Fed, Big Tech Earnings and U.S. GDP Data Take Center Stage

calendar 27/04/2026 - 07:02 UTC

The USDX opened Monday’s Asian session with mild losses, trading near 98.45 after ending last week with a modest gain of 0.36%. The Greenback faced slight downward pressure following reports that Iran has submitted a new proposal to the U.S. aimed at reopening the Strait of Hormuz and establishing a permanent ceasefire. While these diplomatic overtures offer hope for a de-escalation in the Middle East, President Trump’s decision to cancel a high-level mediation trip to Pakistan—citing that the offer was "not enough"—has kept the index from a deeper retreat. Investors are now transitioning their focus toward Wednesday’s Federal Reserve interest rate decision, where a hawkish repricing remains a possibility if oil-driven inflation persists.

Gold regained some positive traction on Monday, rallying over $50 from its Asian session lows after a difficult prior week where it fell -2.82%. The bullion is benefiting from a slight softening of the U.S. Dollar’s reserve status as markets weigh the latest Iranian peace proposal. Furthermore, a slight easing in energy-related inflation fears has kept the door open for potential Fed rate cuts later this year, supporting the non-yielding metal. However, gains remain capped by ongoing geopolitical risks, including active military operations in Lebanon and the continued naval blockade, which maintain the safe-haven appeal of the Greenback and keep traders cautious ahead of the FOMC meeting.

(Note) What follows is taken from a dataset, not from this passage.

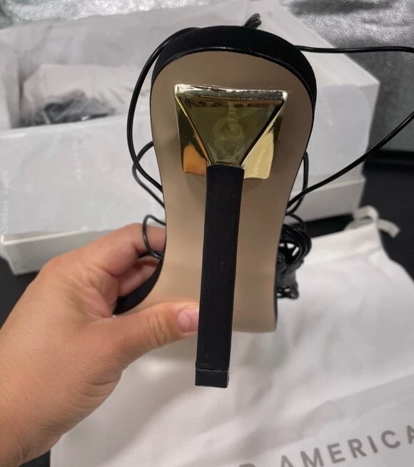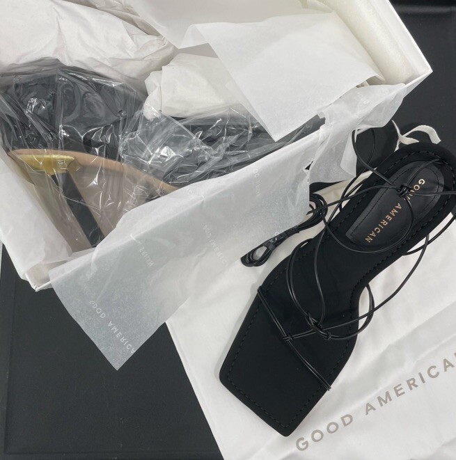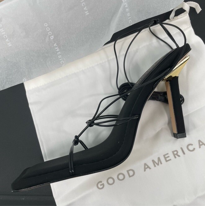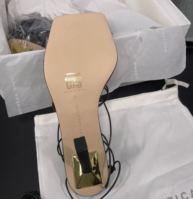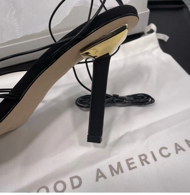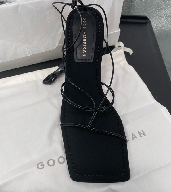 Good American Size 10 Black Terry Heels New in box/dustbag Box a little damaged Square open toe Slip on 4.33" heel Textile upper, textile/leather lining, rubber sole Made in Spain MEASUREMENTS PICTURED SAME/NEXT DAY SHIPPING SHIPPED WITH CARE SMOKE FREE HOME NO TRADES

WTI Oil stabilized near $93.65 during Monday’s early trade, attempting to find a floor after a sharp decline of -11.97% last week. Despite the significant weekly pullback, prices are currently being buoyed by the underlying uncertainty surrounding the Strait of Hormuz. While a new Iranian proposal to end the conflict has surfaced, the lack of a formal U.S. acceptance and the ongoing restriction of transit through the strategic waterway continue to fuel supply shock concerns. Market participants are now awaiting the latest API inventory data on Tuesday, which will provide a vital pulse check on physical demand amidst the current diplomatic stalemate.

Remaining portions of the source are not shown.